Many Germans - whether or majority is up for debate - supported the Holocaust as they understood and/or admitted it to themselves at the time.

As an aside, your grammar is incorrect in your comment. I mean absolutely no offense by this and I'm hesitant to point it out, but if it were me I would want to be corrected. "had took" should be "had taken".

2 comments

You must be a Grammar Nazi because you're anti-semantic! :p
The irony of correcting someone's grammar in a discussion about Nazis was not lost on me :)
You forgot to mention the lack of a period at the end of the sentance
I don't doubt your intentions and it was nice of you to preface your correction with such reservation, but I gotta give a shout-out to descriptivism: if you can understand what's meant, maybe it's not incorrect!
That's a good point, and I don't disagree.
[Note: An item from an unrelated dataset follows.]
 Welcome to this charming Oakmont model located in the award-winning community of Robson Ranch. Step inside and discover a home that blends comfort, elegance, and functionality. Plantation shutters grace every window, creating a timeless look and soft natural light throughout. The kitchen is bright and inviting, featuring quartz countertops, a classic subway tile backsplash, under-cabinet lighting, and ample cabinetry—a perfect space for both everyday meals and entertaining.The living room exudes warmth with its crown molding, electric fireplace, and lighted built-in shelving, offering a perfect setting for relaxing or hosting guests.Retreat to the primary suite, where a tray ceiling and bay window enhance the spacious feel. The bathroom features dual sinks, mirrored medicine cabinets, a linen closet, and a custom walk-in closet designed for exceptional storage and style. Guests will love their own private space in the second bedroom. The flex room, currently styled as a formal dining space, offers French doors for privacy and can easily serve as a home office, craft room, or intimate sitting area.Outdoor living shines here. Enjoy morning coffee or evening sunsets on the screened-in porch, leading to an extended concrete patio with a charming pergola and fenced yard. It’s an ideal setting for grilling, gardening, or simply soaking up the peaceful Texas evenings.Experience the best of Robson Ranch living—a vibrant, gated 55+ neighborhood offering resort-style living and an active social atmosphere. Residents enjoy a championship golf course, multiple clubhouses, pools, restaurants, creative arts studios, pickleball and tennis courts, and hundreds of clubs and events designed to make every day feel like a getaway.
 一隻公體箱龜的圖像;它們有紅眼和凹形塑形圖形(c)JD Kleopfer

For some background, I grew up in northern Arkansas. I have a very pronounced Southern accent if I allow myself to, and I've always made it a point to carefully enunciate and use "correct" (read: "Standard American English") grammar because my native accent is one that's generally associated with lower education or even lower intelligence.

I credit my vocabulary with my reading everything I could early in life. I'm in my early thirties and there are still times when I have to ask others how to pronounce a word because I've never heard it spoken. I would much rather take the embarrassment of asking over the implicit judgement that people make if I badly mispronounce a word.

I find this site very helpful for many languages, including English:

https://forvo.com/languages/en/

>but I gotta give a shout-out to descriptivism: if you can understand what's meant, maybe it's not incorrect!

I can understand what is meant from 8-bit recordings of a voice. But I'd rather have 16 or 24-bit recordings and even more nuance and information.

...and that's not even what descriptivism means.